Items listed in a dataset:

=== Section Start ===

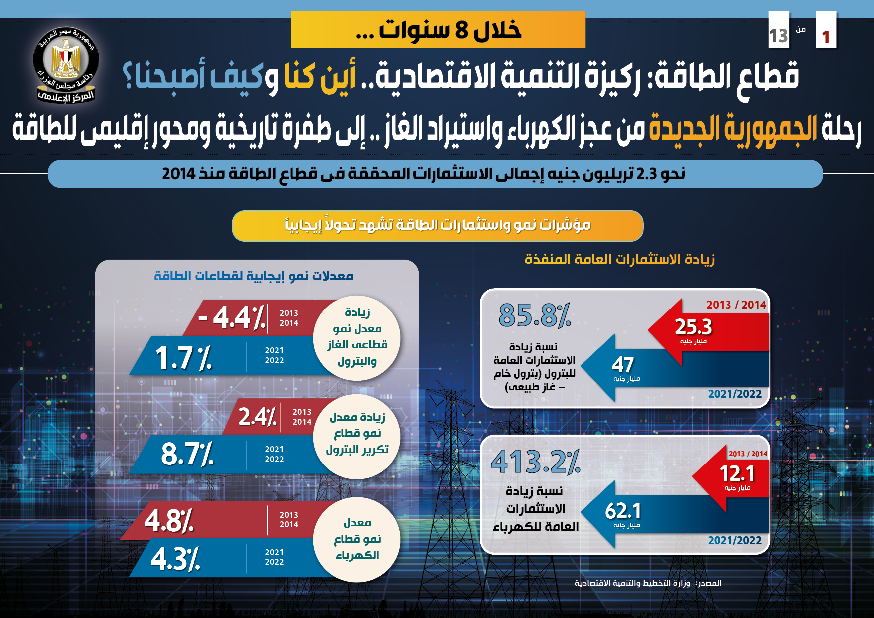 وفي هذا الصدد أصدر المركز الإعلامي لمجلس الوزراء تقريراً تضمن إنفوجرافات تسلط الضوء على قطاع الطاقة كركيزة للتنمية الاقتصادية خلال 8 سنوات، ورحلة الجمهورية الجديدة من عجز الكهرباء واستيراد الغاز إلى طفرة تاريخية ومحور إقليمي للطاقة، حيث بلغ إجمالي الاستثمارات المحققة في القطاع منذ 2014 نحو 2.3 تريليون جنيه، وذلك في إطار سلسلة تقارير “أين كنا وكيف أصبحنا؟”.
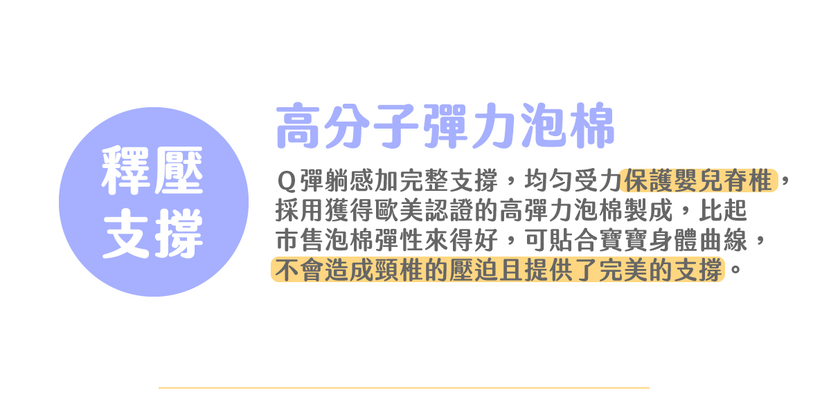 Q彈躺感,分段凹槽,完整支撐寶寶脊椎肩背,均勻受力
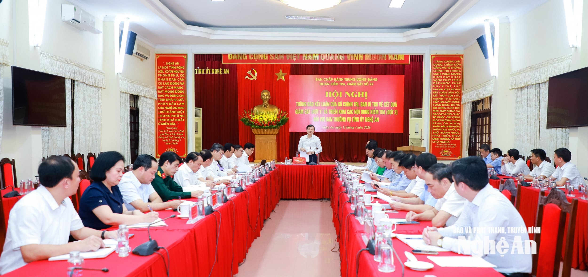 Đồng chí bày tỏ tin tưởng thông qua đợt kiểm tra lần này, Nghệ An sẽ tiếp thu được nhiều kinh nghiệm thực tiễn, các định hướng quan trọng từ Trung ương để tiếp tục hoàn thiện phương thức lãnh đạo, điều hành, tháo gỡ hiệu quả các “điểm nghẽn”, qua đó thúc đẩy phát triển kinh tế - xã hội, nâng cao đời sống nhân dân và thực hiện thắng lợi các mục tiêu, nhiệm vụ chính trị đã đề ra.
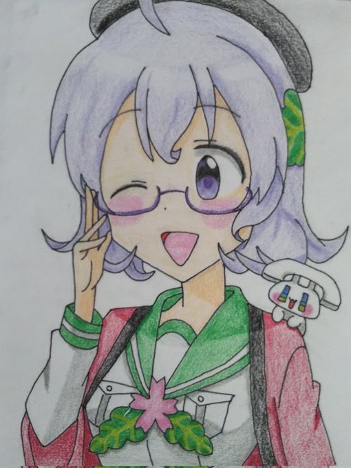 1日早いですが… #3月10日は柏たんのバースデー #柏たん 、お誕生日おめでとうございます!🎉(*≧∇≦)ノ🎂✨🎁✨🍃🐈️ お祝いにイラストを描きました!🎉✨🎁✨🐈️ #ビッカメ娘 ( #ナイセン ) #ビッカメ娘を描き隊 #模写 #色鉛筆 #絵描きさんと繫がりたい
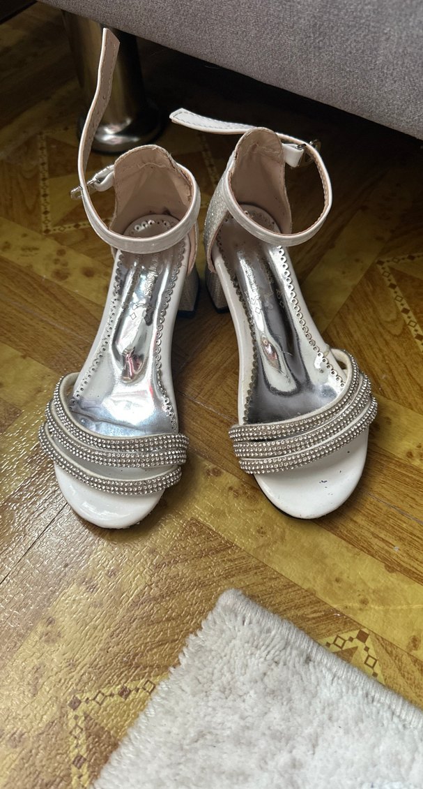 Kız çocukları için payetli bantlara ve parlak görünüme sahip beyaz özel ayakkabılar. Modern tarzda, bilekten bantlı ve alçak topuklu.

=== Section End ===

• **YOUR ASSIGNMENT**
Copy out all the entries precisely. No images.

• **SOLVED PROBLEM**
 وفي هذا الصدد أصدر المركز الإعلامي لمجلس الوزراء تقريراً تضمن إنفوجرافات تسلط الضوء على قطاع الطاقة كركيزة للتنمية الاقتصادية خلال 8 سنوات، ورحلة الجمهورية الجديدة من عجز الكهرباء واستيراد الغاز إلى طفرة تاريخية ومحور إقليمي للطاقة، حيث بلغ إجمالي الاستثمارات المحققة في القطاع منذ 2014 نحو 2.3 تريليون جنيه، وذلك في إطار سلسلة تقارير “أين كنا وكيف أصبحنا؟”.
 Q彈躺感,分段凹槽,完整支撐寶寶脊椎肩背,均勻受力
 Đồng chí bày tỏ tin tưởng thông qua đợt kiểm tra lần này, Nghệ An sẽ tiếp thu được nhiều kinh nghiệm thực tiễn, các định hướng quan trọng từ Trung ương để tiếp tục hoàn thiện phương thức lãnh đạo, điều hành, tháo gỡ hiệu quả các “điểm nghẽn”, qua đó thúc đẩy phát triển kinh tế - xã hội, nâng cao đời sống nhân dân và thực hiện thắng lợi các mục tiêu, nhiệm vụ chính trị đã đề ra.
 1日早いですが… #3月10日は柏たんのバースデー #柏たん 、お誕生日おめでとうございます!🎉(*≧∇≦)ノ🎂✨🎁✨🍃🐈️ お祝いにイラストを描きました!🎉✨🎁✨🐈️ #ビッカメ娘 ( #ナイセン ) #ビッカメ娘を描き隊 #模写 #色鉛筆 #絵描きさんと繫がりたい
 Kız çocukları için payetli bantlara ve parlak görünüme sahip beyaz özel ayakkabılar. Modern tarzda, bilekten bantlı ve alçak topuklu.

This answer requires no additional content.